Supplied information:
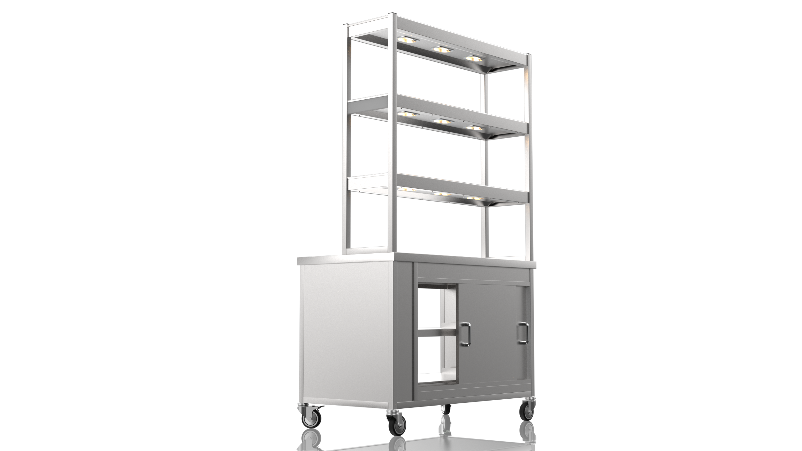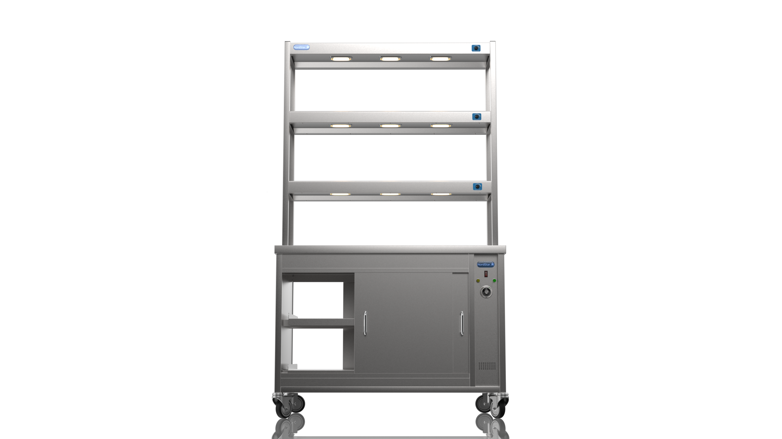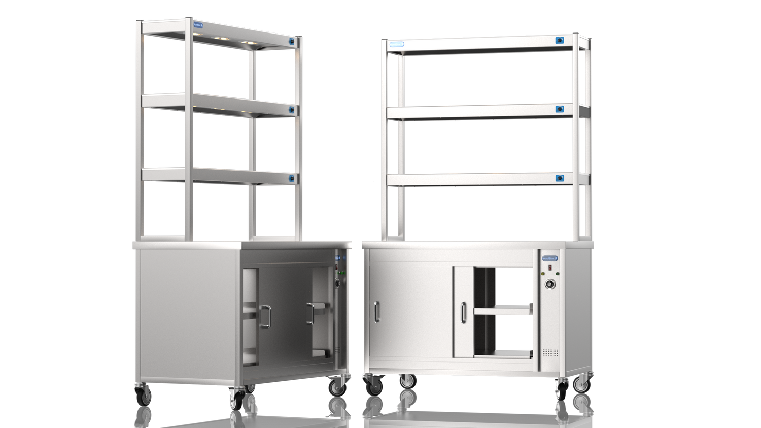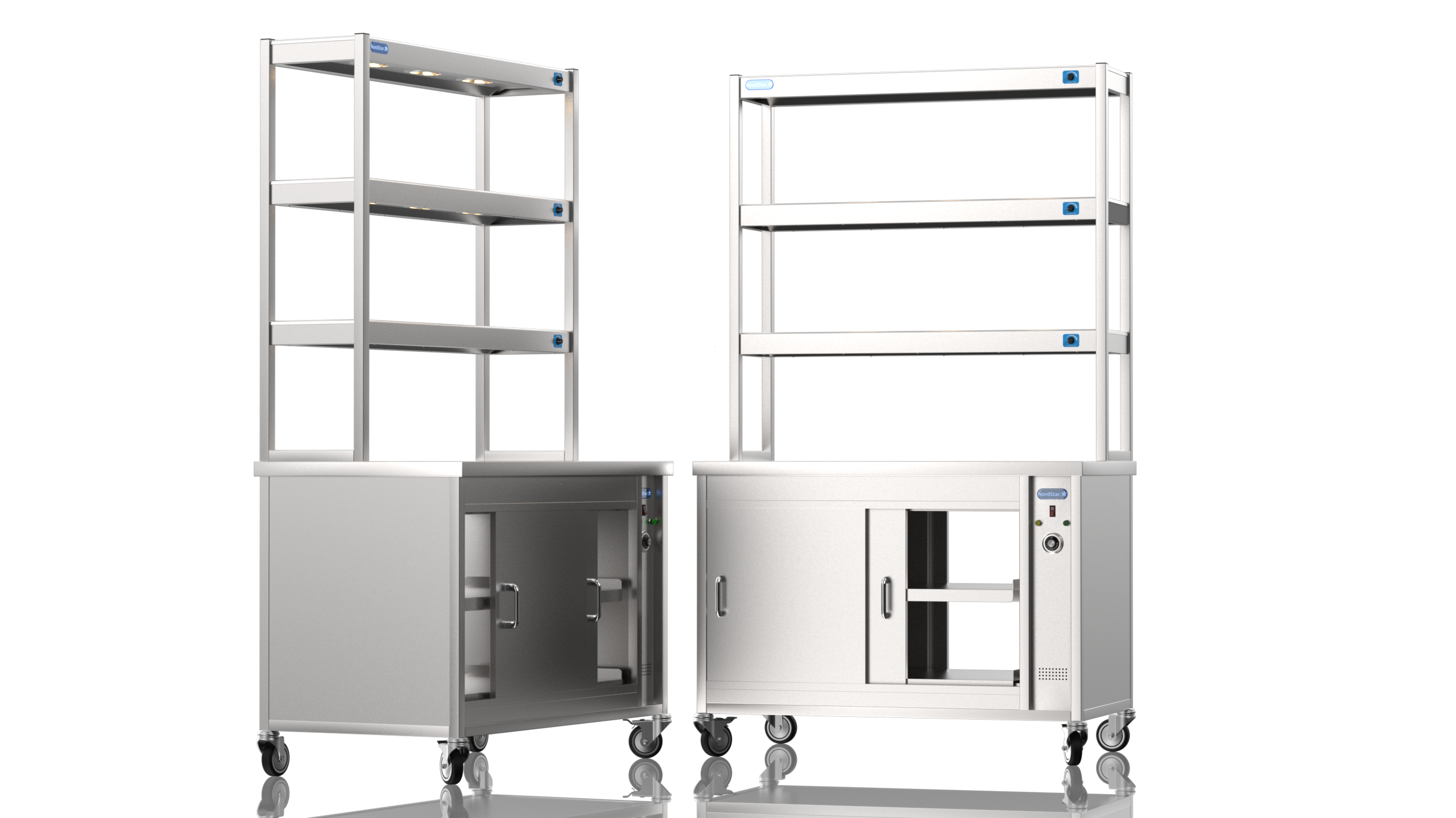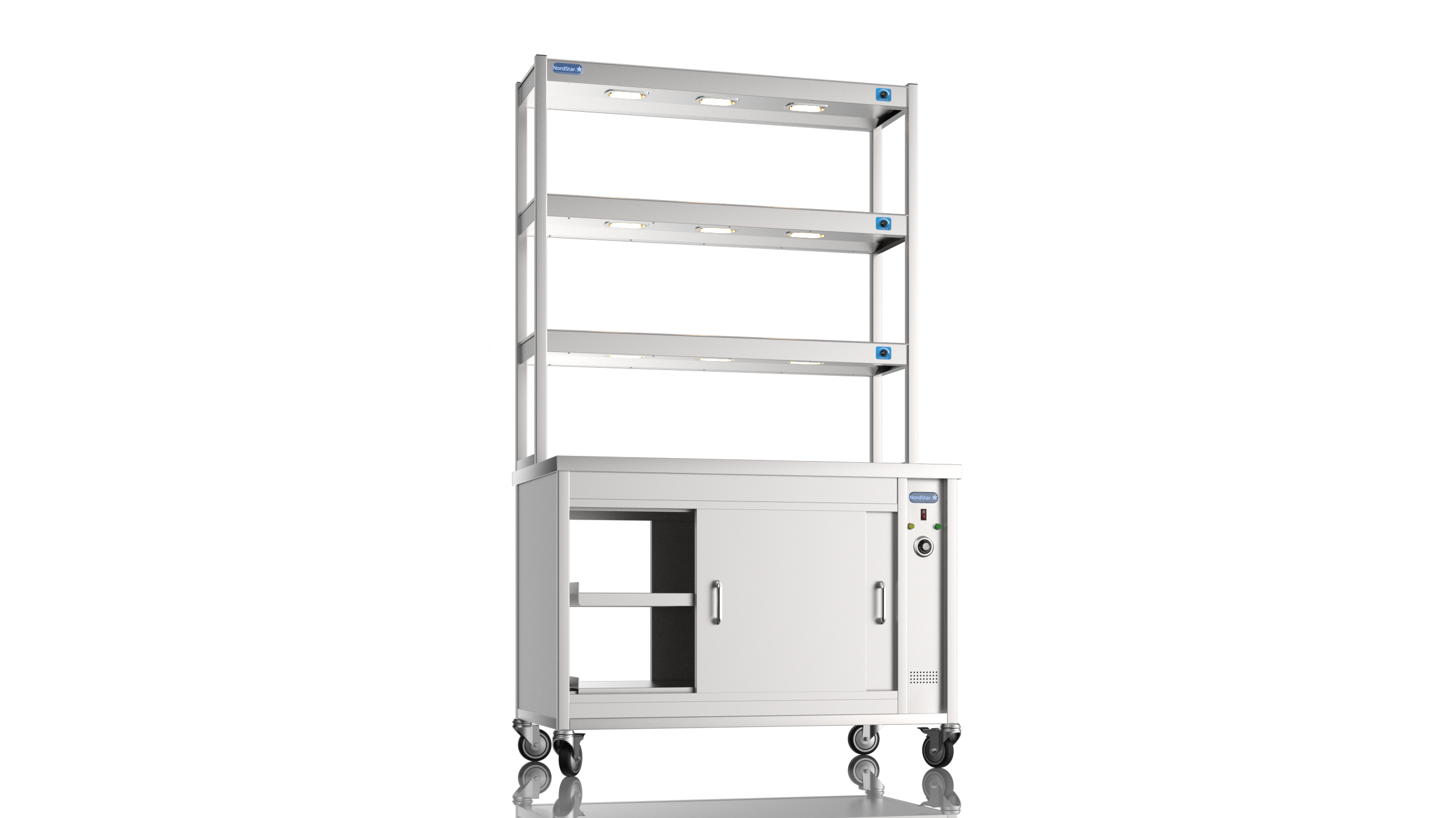The Nordstar 3 Tier Gantry and Pass Through Hot Cupboard Combo 1200 Nord Star Heated Cupboard with three Tier Gantry is a high quality, reliable appliance, ideal for care homes, restaurants, pubs and canteens. Constructed with easy to clean stainless steel, contents are kept at warm and hygienic temperatures due to its fully insulated panels,  easily accessible using our own sliding door system both sides.
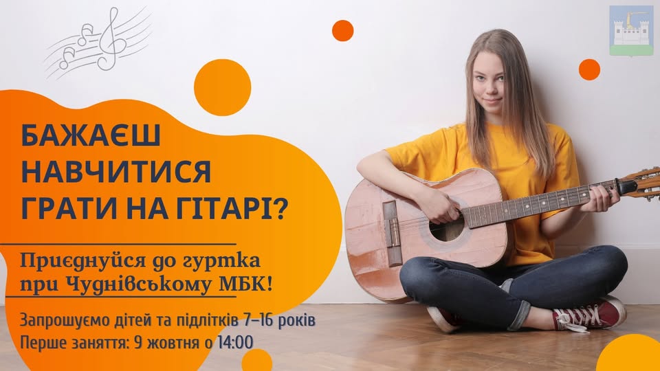 При Чуднівському міському будинку культури розпочинає роботу гурток гри на гітарі. Це чудова нагода розвинути свої музичні здібності, навчитися відчувати ритм і мелодію, а також знайти нових друзів, які поділяють твоє захоплення музикою.
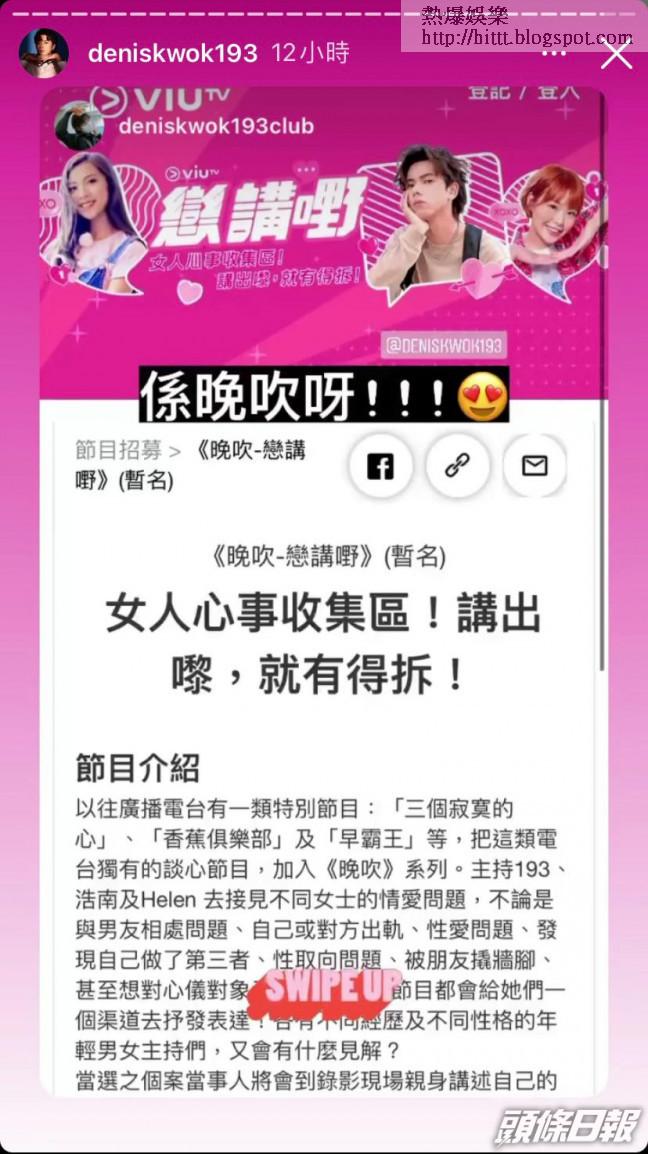 ERROR人氣王193(郭嘉駿)近日廣告及代言接到手軟之餘,自稱「ViuTV洪天明」的他,除了為多個節目擔任嘉賓,稍後更有機會單飛主持節目《晚吹—戀講嘢(暫名)》!昨日ViuTV於官方Facebook專頁出Po,公佈《戀講嘢》將由193、「口罩小姐」冠軍浩南(鄭伊琪)及曾參加《美選D.n.A》的譚凱倫(Helen),化身「戀愛專家」為絲打們解決感情問題。

Exercise brief: Copy the data above word for word. Pictures stay out.

Response box:
The Nordstar 3 Tier Gantry and Pass Through Hot Cupboard Combo 1200 Nord Star Heated Cupboard with three Tier Gantry is a high quality, reliable appliance, ideal for care homes, restaurants, pubs and canteens. Constructed with easy to clean stainless steel, contents are kept at warm and hygienic temperatures due to its fully insulated panels,  easily accessible using our own sliding door system both sides.
 При Чуднівському міському будинку культури розпочинає роботу гурток гри на гітарі. Це чудова нагода розвинути свої музичні здібності, навчитися відчувати ритм і мелодію, а також знайти нових друзів, які поділяють твоє захоплення музикою.
 ERROR人氣王193(郭嘉駿)近日廣告及代言接到手軟之餘,自稱「ViuTV洪天明」的他,除了為多個節目擔任嘉賓,稍後更有機會單飛主持節目《晚吹—戀講嘢(暫名)》!昨日ViuTV於官方Facebook專頁出Po,公佈《戀講嘢》將由193、「口罩小姐」冠軍浩南(鄭伊琪)及曾參加《美選D.n.A》的譚凱倫(Helen),化身「戀愛專家」為絲打們解決感情問題。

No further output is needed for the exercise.